Here we see side-by-side comparisons of the inferences and they seem pretty comparable between Stan and Inla:

for(N_to_show in N_values) {
  print(kable(stan_summary %>% filter(N == N_to_show) %>% 
                select(c("parameter","mean","sd")), 
              caption = paste0("Stan results for N = ", N_to_show)))
  print(kable(inla_summary %>% filter(N == N_to_show) %>% 
                select(c("parameter","mean","sd")), 
              caption = paste0("INLA results for N = ", N_to_show)))
}

Table 1: Stan results for N = 100
parameter	mean	sd
alpha	1.013559	0.0989778
beta	0.495539	0.0176988
tau_nu	162.001608	82.7700473

Table 1: INLA results for N = 100
parameter	mean	sd
(Intercept)	1.009037e+00	9.15248e-02
x	4.971302e-01	1.61486e-02
Precision for nu	1.819654e+04	1.71676e+04

Table 1: Stan results for N = 500
parameter	mean	sd
alpha	1.0046284	0.0555134
beta	0.4977522	0.0102697
tau_nu	71.6301530	13.8264812

Table 1: INLA results for N = 500
parameter	mean	sd
(Intercept)	1.0053202	0.0538456
x	0.4977124	0.0099593
Precision for nu	77.3311793	16.0255430

Table 1: Stan results for N = 5000
parameter	mean	sd
alpha	1.009930	0.0159586
beta	0.496859	0.0029250
tau_nu	101.548580	7.4655716

Table 1: INLA results for N = 5000
parameter	mean	sd
(Intercept)	1.0099282	0.0155388
x	0.4968718	0.0028618
Precision for nu	103.1508773	7.6811740

Table 1: Stan results for N = 25000
parameter	mean	sd
alpha	0.9874707	0.0066864
beta	0.5019566	0.0012195
tau_nu	104.3599424	3.5391938

Table 1: INLA results for N = 25000
parameter	mean	sd
(Intercept)	0.9876218	0.0067978
x	0.5019341	0.0012452
Precision for nu	104.8948949	3.4415929

Summary of the timing

You can see that Stan keeps reasonable runtimes for longer time than JAGS in the original blog post, but INLA is still way faster. Also Kathryn got probably very lucky with her seed for N = 25 000, as her INLA run completed very quickly. With my (few) tests, INLA always took at least several minutes for N = 25 000. It may mean that Kathryn’s JAGS time is also too short.

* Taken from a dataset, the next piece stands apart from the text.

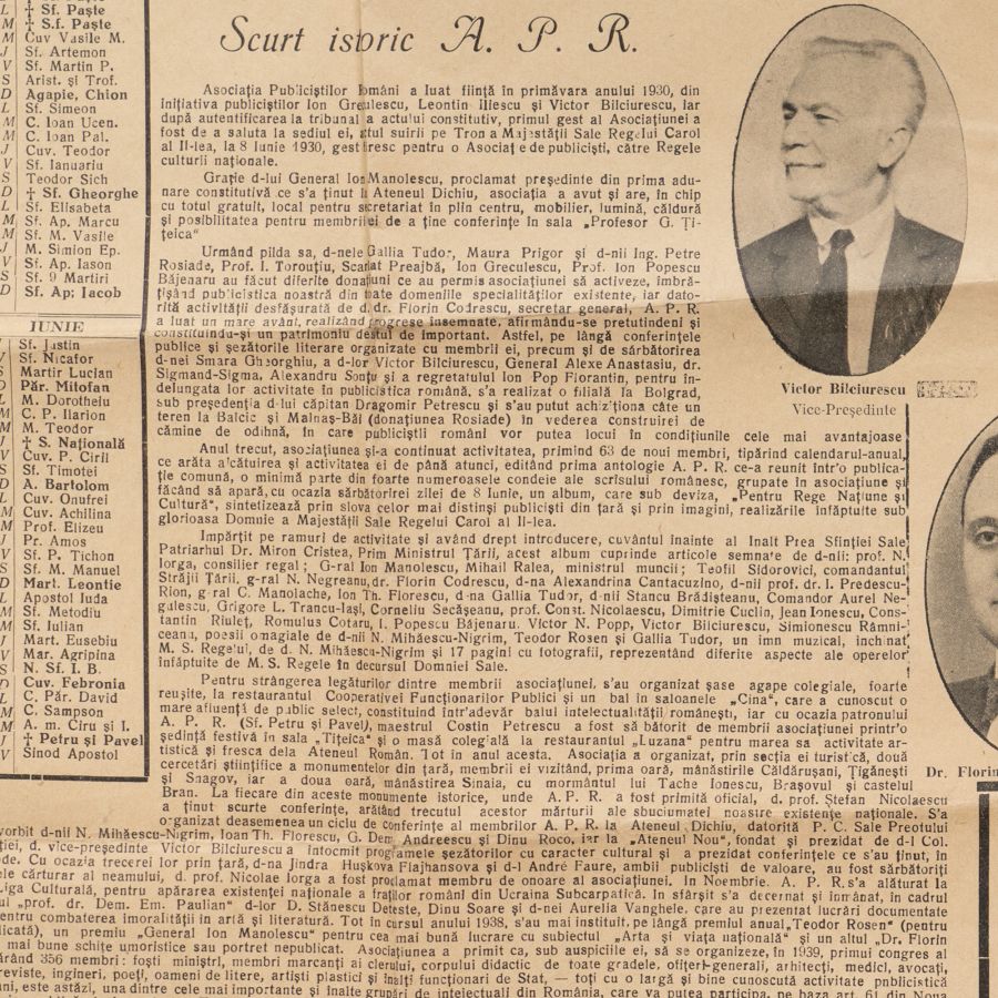 Calendarul Asociației Publiciștilor Români pe anul 1939, București, Tipografia „Excelsior”. Cu portretele consiliului central de conducere, printre care Nicolae Iorga.

my_results = merge.data.frame(inla_times, stan_times, by = "N")
kable(merge.data.frame(my_results, kathryn_results, by = "N"))

N	inla_time	stan_time	kathryn_rjags	kathryn_rinla
100	1.061742	1.885	30.394	0.383
500	1.401597	11.120	142.532	1.243
5000	10.608704	388.514	1714.468	5.768
25000	611.505543	5807.670	8610.32	30.077

You could obviously do multiple runs to reduce uncertainty etc., but this post has already taken too much time of mine, so this will be left to others.

Testing quality of the results

I also had a hunch that maybe INLA is less precise than Stan, but that turned out to be based on an error. Thus, without much commentary, I put here my code to test this. Basically, I modify the random data generator to actually draw from priors (those priors are quite constrained to provide similar values of alpha, beta nad tau_nu as in the original). I than give both algorithms the knowledge of these priors. I compute both difference between true parameters and a point estimate (mean) and quantiles of the posterior distribution where the true parameter is found. If the algorithms give the best possible estimates, the distribution of such quantiles should be uniform over (0,1). Turns out INLA and Stan give almost exactly the same results for almost all runs and the differences in quality are (for this particular model) negligible.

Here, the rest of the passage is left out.